Large AWS organization faces many security challenges like granular permissions, encryption, network, compliance… One of them is the monitoring. This article provides a comprehensive solution for monitoring and detecting risky activities in an AWS environment.
Solution overview
This solution take place in an AWS Organization with a master account and a dedicated security account. It leverages Cloudtrail, Athena and Lambda.
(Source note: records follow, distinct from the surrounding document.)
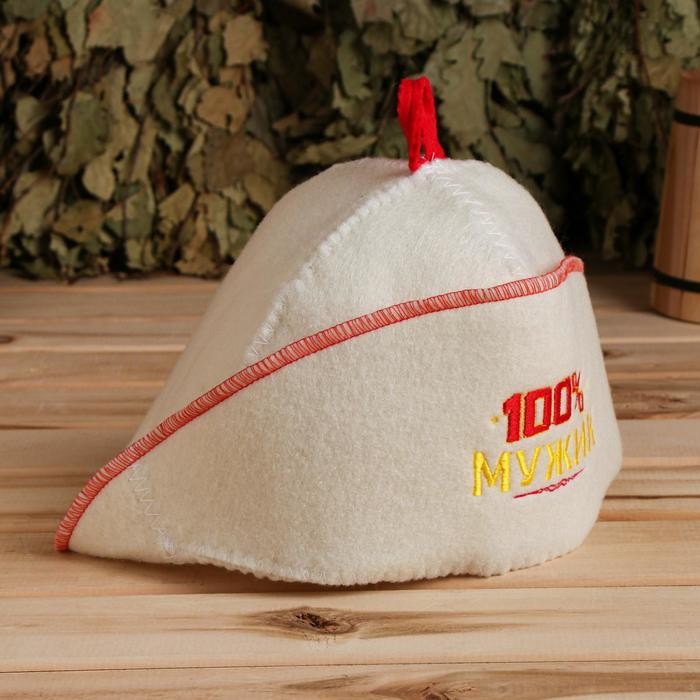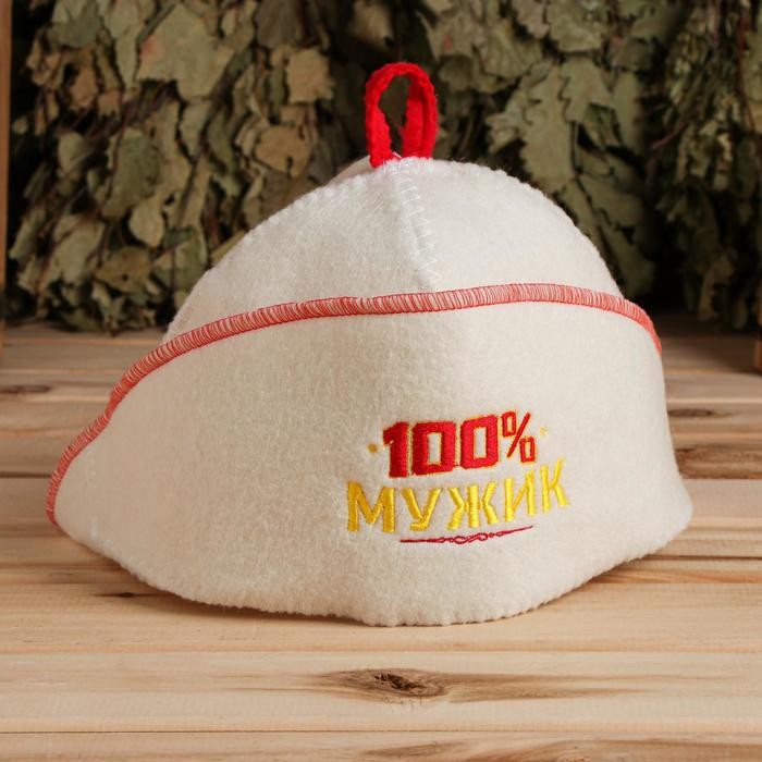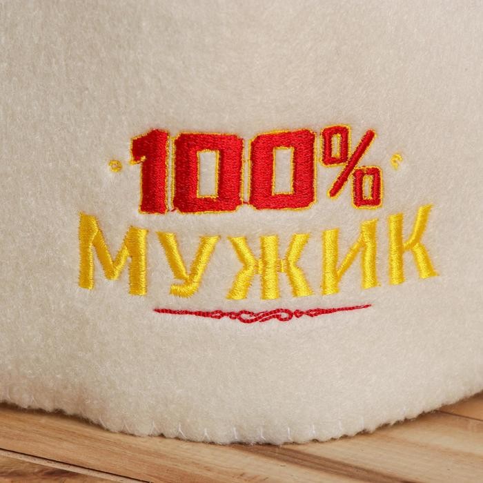 Шапка для бани с отворотом «100% мужик» с вышивкой, белая, войлок
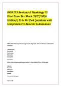 This BIOS 255 Anatomy & Physiology III Final Exam Test Bank contains 110+ verified exam-style questions with detailed answers and rationales, fully updated for the 2025/2026 academic year. Topics include cardiovascular system, blood composition, lymphatic system, immune response, respiratory physiology, and more. Ideal for nursing, pre-med, and A&P students preparing for exams, quizzes, or the NCLEX®. Includes calculation questions, labeling diagrams, and critical thinking scenarios. Boost your...
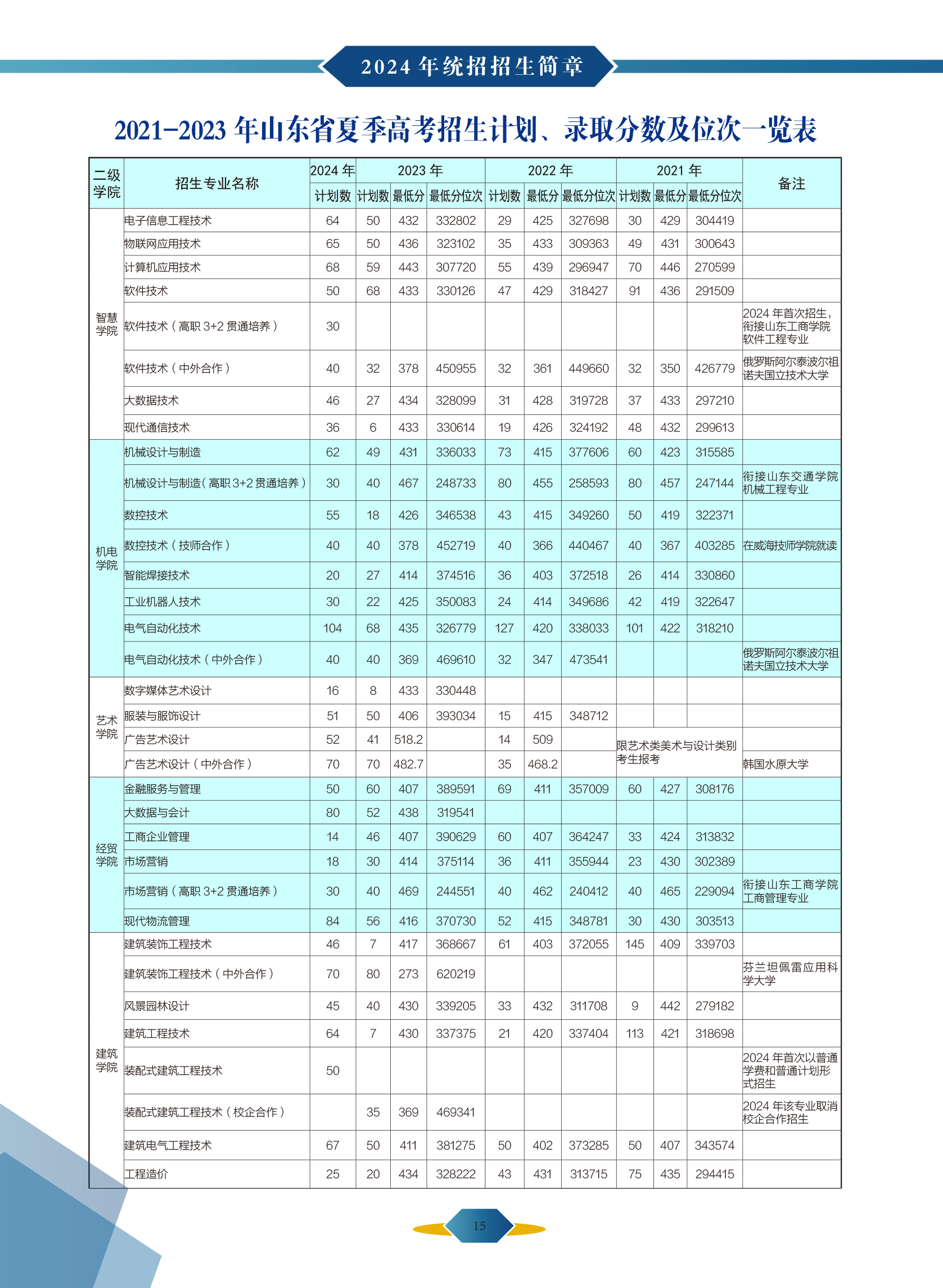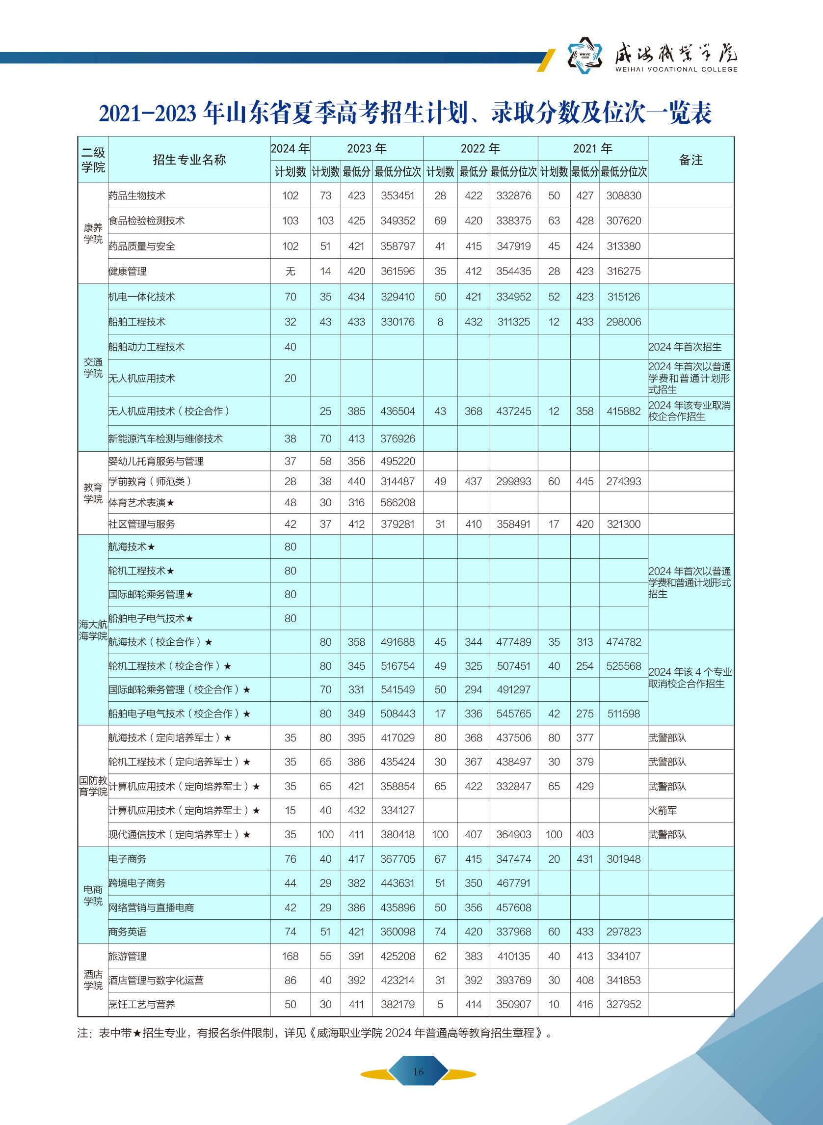 威海职业学院2023年山东省夏季高考招生计划、录取分数及位次一览表(附加2024年招生计划)
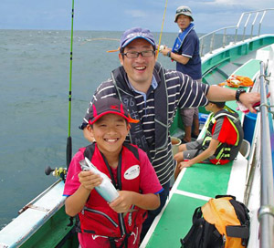「強い引きにびっくり」大サバを釣り上げて喜ぶ親子 |
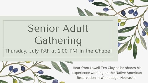 Senior Adults meets on Thursday, July 13 at 2 PM in
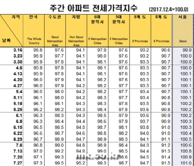 서울 전세가격지수, 20주째 100 상회…지난주 이미 101선도 넘어
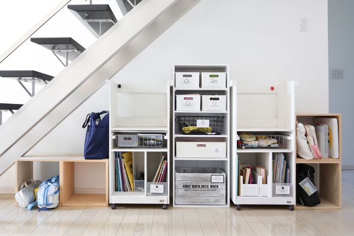 玄関近く、階段下に学校の荷物をまとめて収納できるスペースをつくりました。普段の学校準備はここで整います。
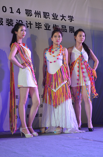本网讯(通讯员 南利君 学生记者 胡慧 刘婷婷) 炫目的灯光、高挑的模特、时尚的服装、自信的笑容……5月8日晚七点半,艺术与传媒学院服装设计专业2014届毕业生作品展演在行知楼中央大厅拉开帷幕,整个展演持续近三小时,以T台走秀、文艺表演的方式向观众集中展示了37个主题系列的近200套精美服装,全校千余名师生现场观看了展演。
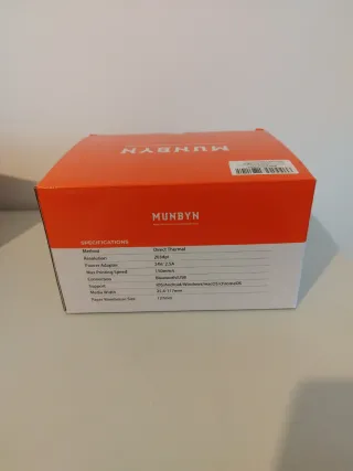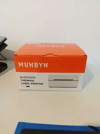 Impresora de etiquetas térmica MUNBYN con conexión Bluetooth. Ideal para negocios y uso personal. - Diseño compacto y moderno. - Fácil de usar. - Se añaden etiquetas 5", redondas y pequeñas para código de barras. - Usada durante un año pero en perfectas condiciones.
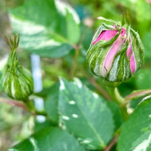 おはようございます☁️☀️ 今朝のお花は 🏷金曜日の蕾たち 1,2 バラがまもなく開花です🌹 斑入りの葉っぱが爽やかな ヘルシューレン🩷 毎年1番で咲く黄色いつるバラ💛 3 ジギタリス🤍 4 アリウム 初めて植えてみました😊 大きな蕾👀 5 ツキヌキニンドウ 今年は低い位置に咲きそうです🎶
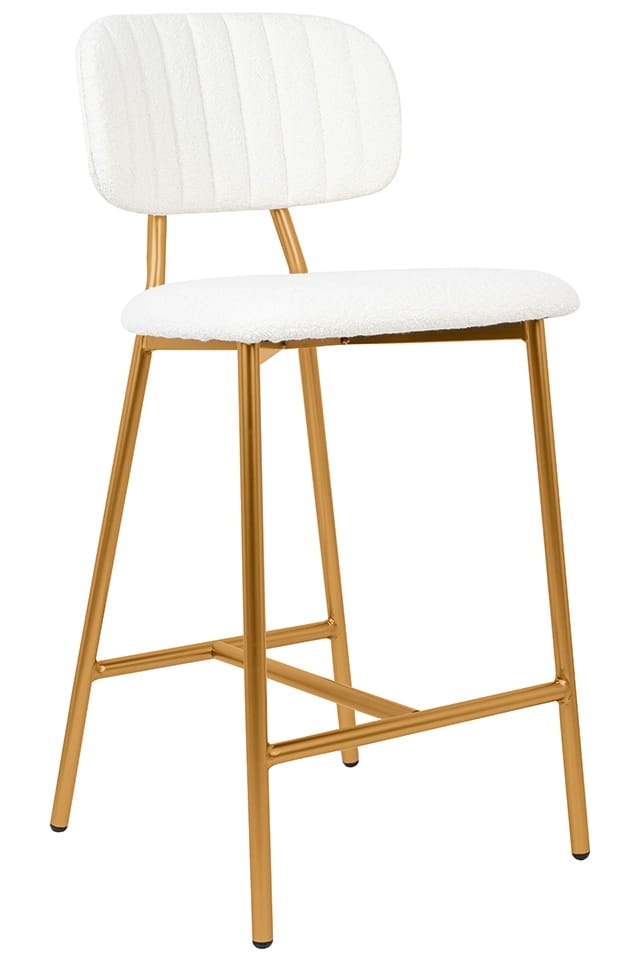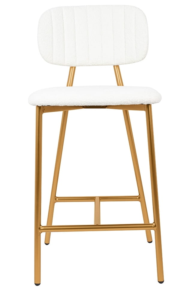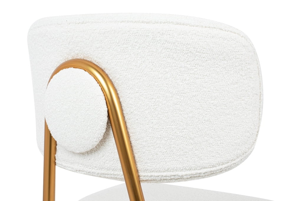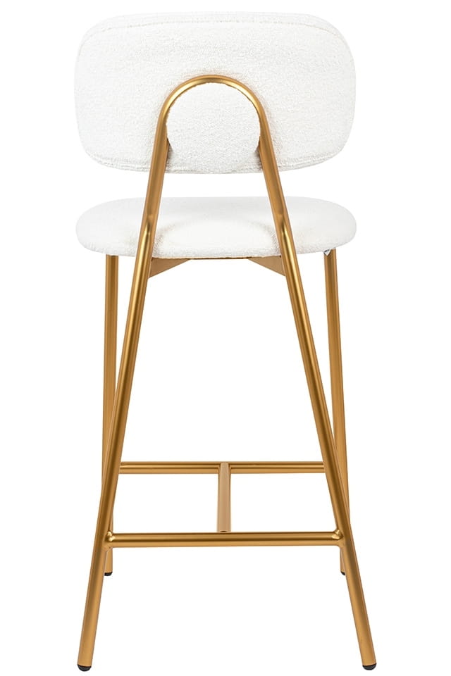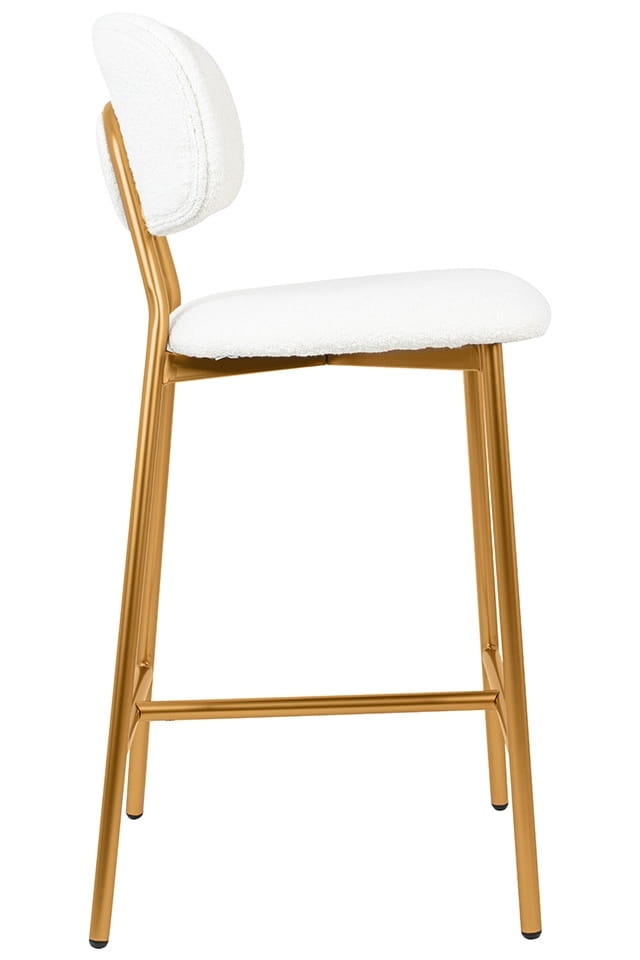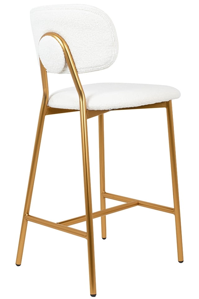 Krzesło barowe białe, w tkaninie boucle, ze złotymi nogami Fabiola Boucle
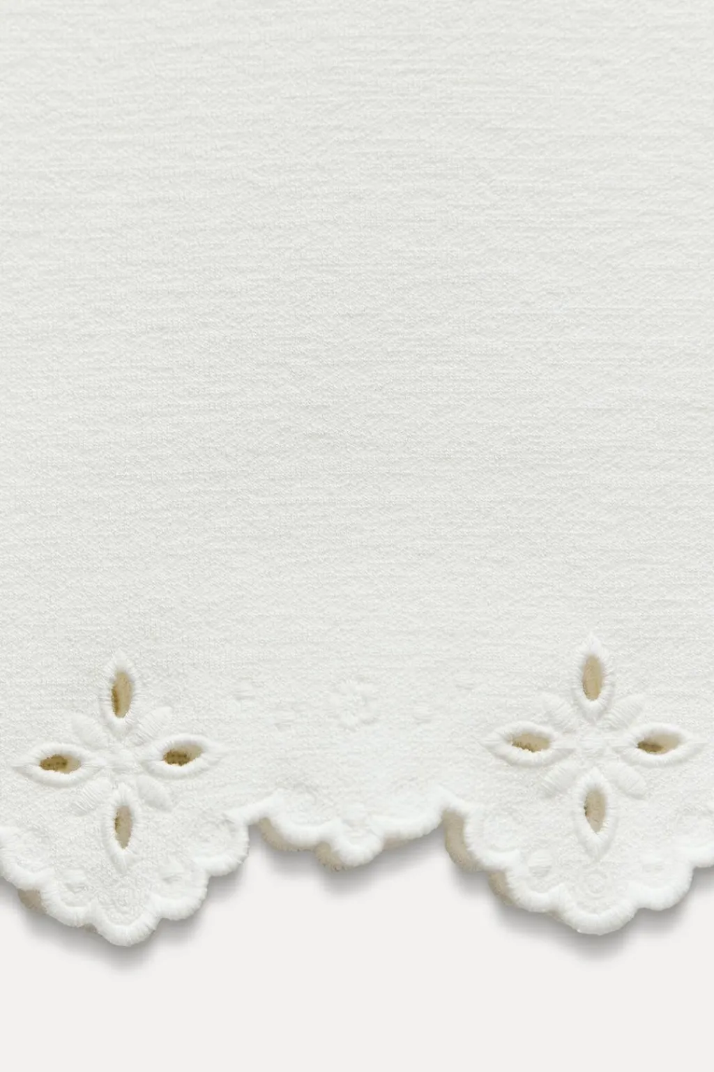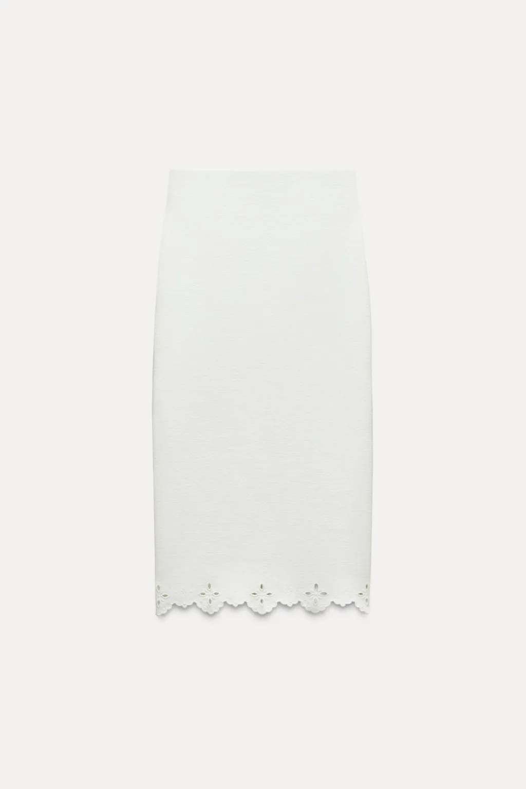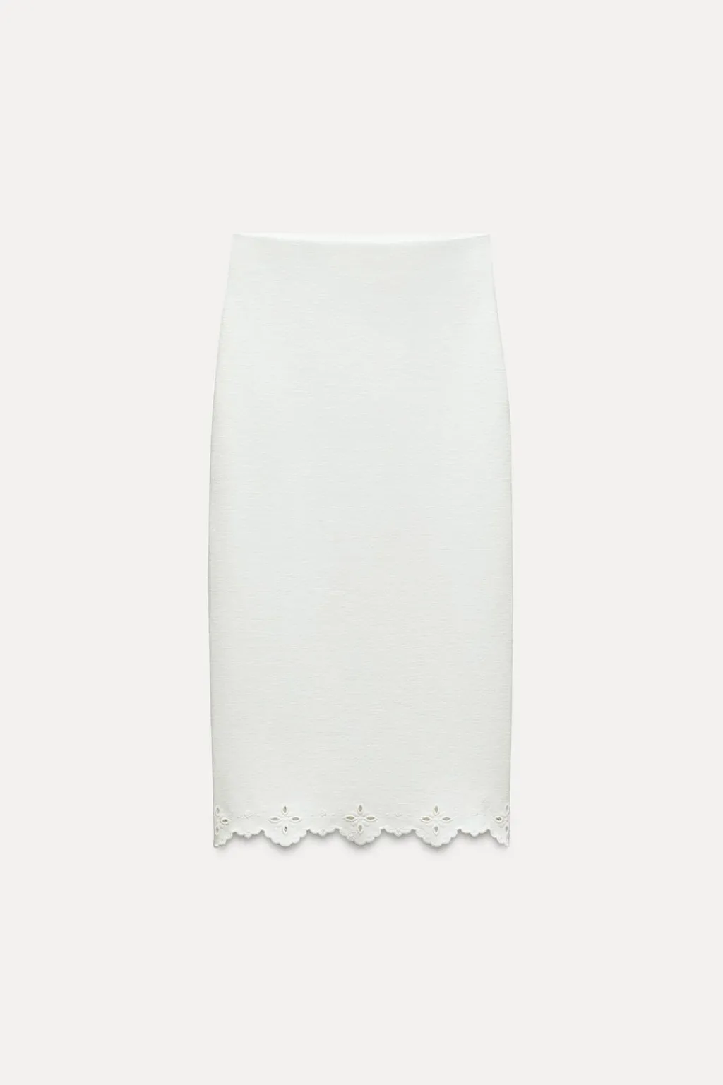 Falda midi entallada confeccionada en tejido tipo punto. Tiro alto y cintura con elástico interior. Bajo acabado en ondas con bordados perforados.

Centralized Cloudtrail logs storage
The first step in this solution is to configure CloudTrail to collect activity logs. Centralizing logs in an S3 bucket is essential for easy and efficient management.
Cloudtrail trail
In the master account, create an "Organization trail" with this settings:
- Apply trail to my organization: Enabled for all accounts
- Multi-region: yes
- Trail log location: centralized S3 bucket name
- Log file validation: enabled
- Log file SSE-KMS encryption: disable (encryption is done by S3)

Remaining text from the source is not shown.